Making the Switch to Alternative Medicine sheeba magazine aromatherapy ecowalk

6. Aromatherapy

This alternative medicine practice involves using essential oils from plants to encourage healing and relieve stress. Aromatherapy oils can be used during massage therapy, inhaled, or sometimes even consumed by mouth, depending on the purpose.

Each oil is thought to have its own specific benefits. Some can treat infections, pain, inflammation, or illness, while others are suitable for relieving stress, anxiety, and depression. There is some evidence to show the effectiveness of aromatherapy, but more research is needed to better understand its possible benefits and uses.

7. Ayurvedic Medicine

Ayurvedic medicine has been used in India for thousands of years. This alternative practice encompasses a variety of techniques which include herbal medicine, changes in the diet, and massage. The intent is to balance the individual on a holistic level- spiritually, mentally, and physically.

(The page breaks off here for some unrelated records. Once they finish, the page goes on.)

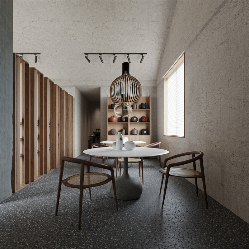 多功能融合:侘寂风茶艺空间不仅满足品茗的需求,还融合了休憩、阅读等多种功能。这种多功能的融合使得空间更加实用且富有层次感。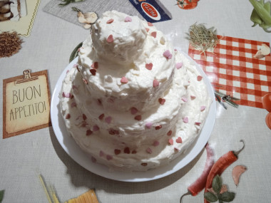 Очень вкусный торт! Коржи мягкие, пористые, их даже не надо пропитывать. Крем густой, хорошо держит форму. Я бы увеличила его количество, чтобы обмазать торт более толстым слоем.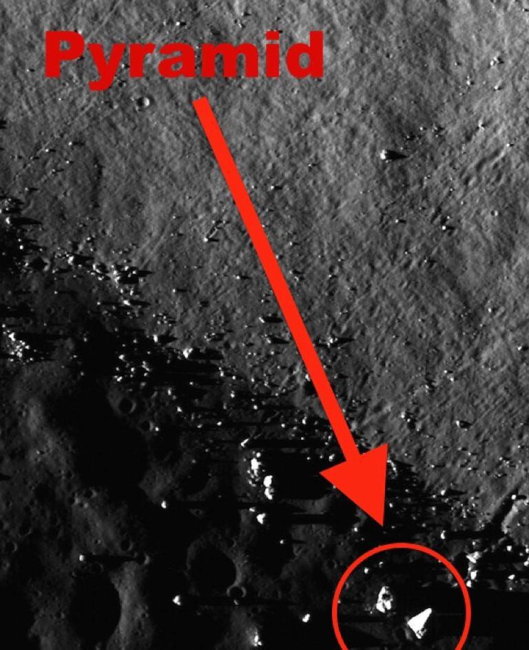 Известный уфолог-любитель Скотт Уоринг сообщил о своей находке. Он рассказал, что на одном из последних снимков полученном орбитальным зондом The Lunar Reconnaissance Orbiter хорошо видна ярко-белая пирамида, которая торчит в одном из лунных кратеров. На фотографии четко видно, что сооружение имеет четыре грани и не покрыто толстым слоем пыли, в отличие от окружающего его ландшафта. Ученые предполагают, что находка свидетельствует о деятельности пришельцев на Луне.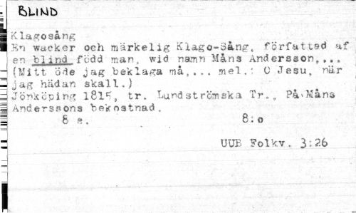 //// ¦ CiLiMb //// (Klagosång //// »i waeker och märkelig Klago-3ang, författad af en blind född man, wid namn Måns Andersson,,.. - (Mitt öde jag beklaga må,,., mel.: C Jesu, när ^jag hädan skall.) //// | Jönköping l8lc, tr. Lundströmska Tr,, På > Måna | Anderssons bekostnad. 1 6 n, 8; o //// d UUB Folkv. 3 ; 26 //// i ////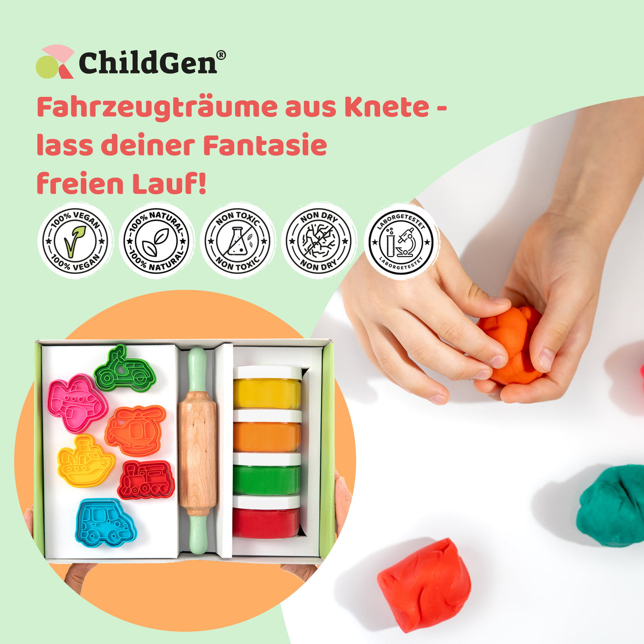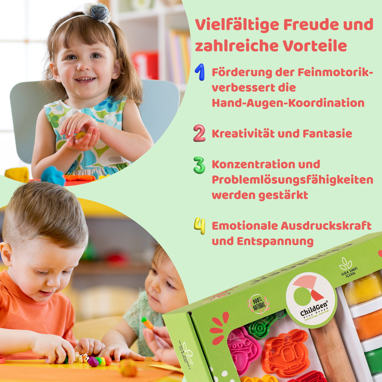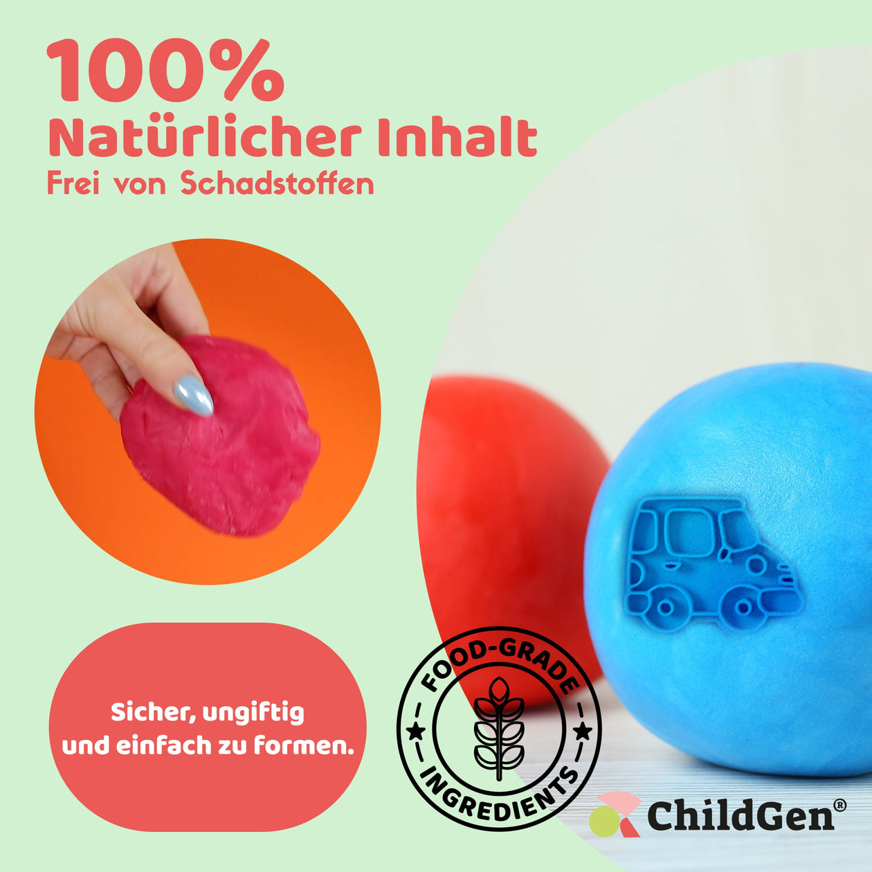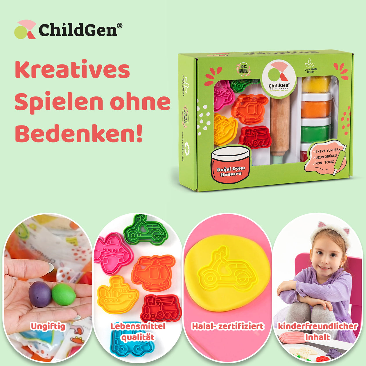 ChildGen Play Dough bietet Ihnen und Ihren Kindern gesunde, kreative und nachhaltige Spielmaterialien, die die Fantasie anregen und gleichzeitig eine positive Wirkung auf die Entwicklung der Kinder haben.

There are very few scientific studies available on the effectiveness of Ayurveda, so it’s tough to say just how effective it might be. However, the fact that it’s been popular for such a long time suggests that it might be worth trying.

Of course, this is by no means an all-inclusive list of alternative medicine practices, but it does include many of the more accessible and widely accepted treatments. Thanks to the increasing interest in alternative therapies, it’s becoming much easier to find qualified practitioners. If you are thinking about making the switch to alternative medicine, the practices on this list are a great place to start your journey.